Она говорила все восторженней и восторженней и при последних словах припала к коленям Накатовой, охватив руками ее стан.
— Кто же он был такой? — спросила, помолчав, Накатова.
— Столяр. Он давно был к нам сослан по политическому процессу, да так и остался у нас в городе. В тюрьме и на каторге он научился столярничать, а до ссылки он саперным офицером был. Вот в прошлом году он умер, так светло, радостно умер, что я ни жалеть, ни плакать о нем не смею, а его так любила! Больше всех на свете, и вот теперь эту огромную любовь могу всем дать, со всеми поделиться, все приходите! Она как огонь — сколько ни бери, все будет столько же!
Таля взмахнула широко руками и засмеялась счастливым смехом.
— Если мы подружимся, я вам много, много расскажу, — прибавила она. — Вам не скучно меня слушать?
— Нет, нет, Таля, мне не скучно, — поспешно сказала Накатова, сжимая руку девушки.
Она глубоко задумалась и неподвижным взглядом смотрела в окно, где на небе, слабо освещенном заревом города, темными силуэтами выделялись контуры Исаакия.
Таля тоже сидела молча, опять положив голову на колени Екатерины Антоновны. Шаги и голоса в коридоре заставили вздрогнуть Накатову, она спохватилась, что уже шестой час, пора домой, что к обеду у нее гости и Лопатов. Она заторопилась.
Таля, помогая ей одеваться, весело болтала:
— А я сегодня во французский театр пойду! Мне одна барышня уступила билет на галерею. Мирончик очень любит, когда я бываю в театре, я ему потом все в лицах разыгрываю. Наверное, увижу самые модные туалеты и сестре напишу, моя сестра страшно туалеты любит… Теперь платья носят с такими коротенькими кринолинчиками. Мне на журнале показалось безобразным, а вправду оказалось очень красиво. У вас есть платье с кринолинчиком? Ах, вы мне покажите, когда я к вам приду, и вы приходите скорей ко мне. Что? Обедать? Вот славно, я давно как следует не обедала… А у вас кринолинчик чем обшит? Очень красиво, когда обшивать мехом, — болтала она, перегнувшись через перила, пока Накатова спускалась с лестницы.
— Сохрани вас Господь, — вдруг неожиданно заключила Таля и, перекрестив широким крестом Накатову, скрылась.

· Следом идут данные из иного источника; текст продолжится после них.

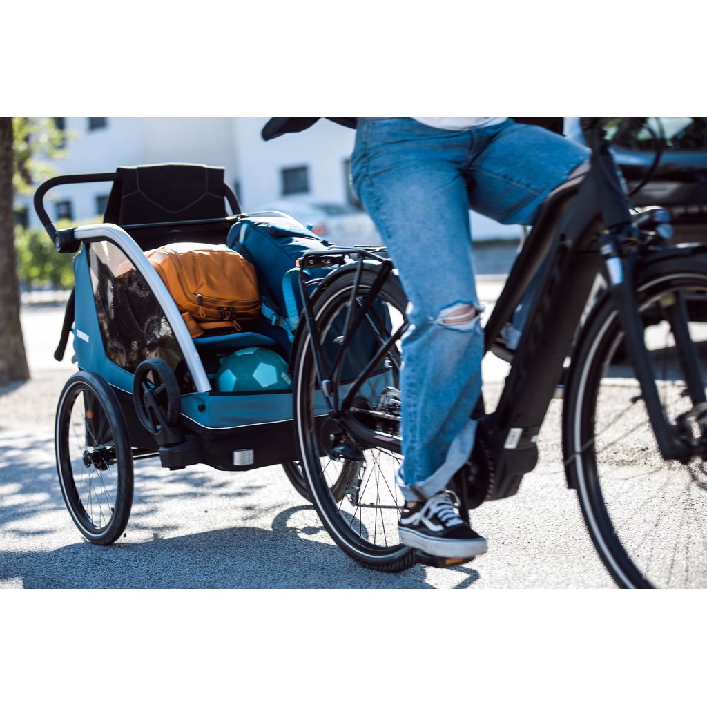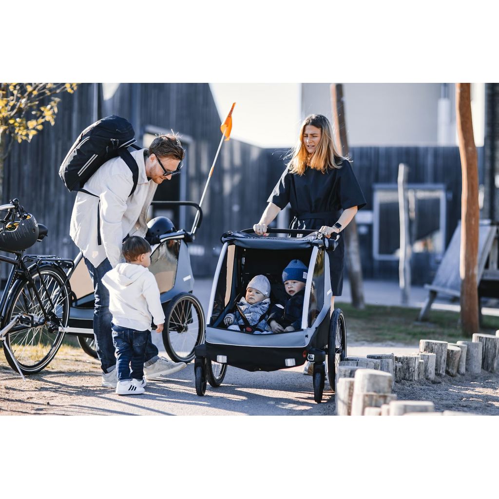 Thule Courier est une remorque pour vélo polyvalente pour tous les types de famille. Cette remorque durable est parfaite pour les longues promenades en famille ou pour les sorties rapides en ville grâce à son habitacle pouvant accueillir deux enfants.

Лопатов за обедом был в довольно скверном настроении духа, и Екатерину Антоновну это расстраивало. Ей захотелось загладить утреннюю ссору, которой она приписывала его расположение духа.
Она так этим волновалась, что едва могла исполнять свою роль внимательной и любезной хозяйки.
Едва гости разошлись, она опустилась на колени перед Лопатовым и заговорила ласково:
— Простите меня, Николенька, я сознаю, что была несносна. Не все ли равно, какие будут портьеры.
— Полно, Китти, — засмеялся он, — хорошенькая женщина должна иметь капризы, это так естественно.
— Нет, нет, не то… не говорите так! Я огорчена тем, что наш спор имел вид ссоры из-за такого пустяка.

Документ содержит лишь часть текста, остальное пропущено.